The rig I've got is a Medtronics Versa dual-chamber rate responsive pacemaker. It's a small (roughly the diameter of a fifty-cent piece and about as thick as two fifty-cent pieces) titanium widget with a built-in lithium ion battery and a couple of leads that run to my heart. What makes this a particularly nifty design is that it doesn't just sit there and keep my heart beating a 60 pulses a minute, but will set the pacing, depending upon requirements, to between 60 and 130 pulses per minute. The sampling rate, for those who like technical details, is 120 milliseconds. This means I could take on a whole dojo full of martial artists and still have plenty of blood flow to my brain. Actually, having enough blood flow to my brain will insure I won't try anything this stupid so you can relax, Steve. And you can even check the function remotely, using a small bit of comm gear that's connected to a telephone.
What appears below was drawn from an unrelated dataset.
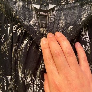 Express, pattern romper, worn a few times, in good condition. Xs, off the shoulder sleeves

It took about an hour and a half to implant the device and fish the leads (the doc did this via an x-ray camera rather than using a fish tape); it was done under a local and just enough happy juice to make sure I didn't much care what was happening. I seem to recall discussing how to defuse a 750-pound variable time-delay fuse bomb with the doctor and his pit crew, but I suppose they've heard most everything. And who knows; they may need to know this someday. Sure hope I got the details right.
When you add in the cell phone charger, broadband WiFi antenna, USB port and the small keyboard that will handily fit in your shirt pocket, you have to admit that this is a pretty amazing device. You didn't really believe all of that, did you? No, I still can't get a broadband signal, and you can't really use a pacemaker for IM. Which is probably a good thing, if you think about it. I don't want any messages from Dick Cheney, Sarah Palin or space aliens. Oh, wait...Sarah Palin is a space alien.